Des roses sans épines

Cela devrait être possible, avec la maîtrise de l’homme sur la vie, avec le pouvoir qu’il s’est arrogé de supprimer toute contrainte, de prendre une liberté sans frein. Rien ne peut plus lui résister. Il reste tout juste à faire taire les chiens, qui aboient d’autant plus furieusement qu’ils sentent approcher le danger d’un bonheur unilatéral, d’une béatitude sans contrepartie, d’un évangile expurgé de toute exigence.
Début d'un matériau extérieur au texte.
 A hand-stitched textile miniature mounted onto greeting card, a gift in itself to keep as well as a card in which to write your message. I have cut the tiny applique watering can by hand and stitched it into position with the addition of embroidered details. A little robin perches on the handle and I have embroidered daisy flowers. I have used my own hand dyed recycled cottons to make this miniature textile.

Pourquoi se tourmenter quand on peut avoir sans peine tout ce qui plait au regard et à l’esprit ? Au rencart ces trouble-fête qui affirment, par exemple : « Tout ce qu’il y a dans le monde, les désirs égoïstes de la nature humaine, les désirs du regard, l’orgueil de la richesse (…) est en train de disparaître [1]. Qu’est-ce qui empêche d’arracher ces pages de l’Écriture qui annoncent le malheur à qui oserait vouloir faire pousser des roses sans épines, de ne garder des Béatitudes que la première page et d’arracher la suivante qui parle de malheur ?

Pierre le savait d’expérience, qui était tombé dans le panneau de vouloir aller à la lumière de Pâques sans passer par le vendredi noir. Qu’à cela ne tienne, avait-il répondu à son maître, Dieu ne permettra pas à ce jour de ténèbres d’arriver. De quel Dieu parlait-il ?
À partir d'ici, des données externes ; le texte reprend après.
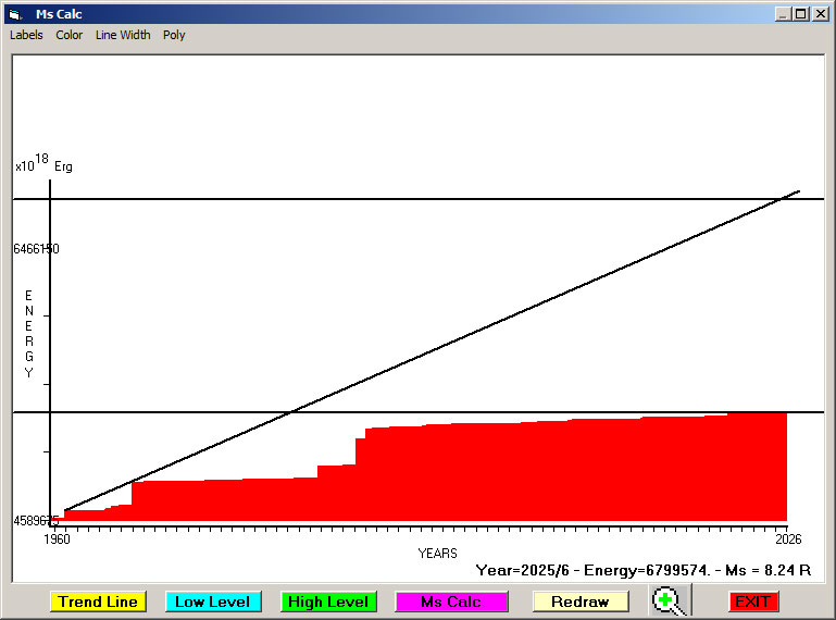 Fig. 7. Expected EQ magnitude due to application of the LSEFM (Lithospheric Seismic Energy Flow Model) on past (since 1960) seismic history of the regional seismogenic area.

Ne garder que le rire sans les larmes. Peu importe que le rire qui n’a pas passé par les larmes soit frelaté. Il suffit de bruler tout bonnement le Livre. Trop longtemps on a craint de le faire. Il suffisait d’exorciser la crainte en clouant au pilori ceux qui jouaient avec. Des gens bien intentionnés s’en sont chargés. On les avait béatement applaudis. Après que le Livre fût brulé, il restait des parasites dans la musique du bonheur à bas prix, les scrupules des gens scrupuleux, la conscience, ce témoin gênant tout au fond de l’homme. Qu’à cela ne tienne ! On jetterait au fond de ce puits sans fond l’Auteur de ces nuisances. On avait les moyens de bétonner l’orifice.
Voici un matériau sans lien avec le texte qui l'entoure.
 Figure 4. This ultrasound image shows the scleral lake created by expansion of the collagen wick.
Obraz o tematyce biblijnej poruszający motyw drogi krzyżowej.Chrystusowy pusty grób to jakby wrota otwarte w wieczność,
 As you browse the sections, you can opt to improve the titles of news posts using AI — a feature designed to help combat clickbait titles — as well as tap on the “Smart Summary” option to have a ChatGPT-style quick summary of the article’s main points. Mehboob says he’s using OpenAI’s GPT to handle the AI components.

Et que commence la fête sans aucune retenue, la danse des fous ! Ce serait le Paradis sur terre, celui que se donnait l’homme après avoir pris le pouvoir en mettant au cachot Celui qui lui portait ombrage. C’était d’autant plus facile que Celui-là ne disait mot. Enfin le bonheur sans ombre.

Mais que voila ? De l’Est d’Eden, là où se situait le Paradis premier, surgit une tempête qu’on n’avait pas soupçonnée. Le vrai Paradis se rappelait au souvenir de l’homme qui jouait à Dieu. On ne viole pas impunément les Lois de la nature, elle finit toujours par se venger. Des visionnaires l’avaient annoncé de longue date [2].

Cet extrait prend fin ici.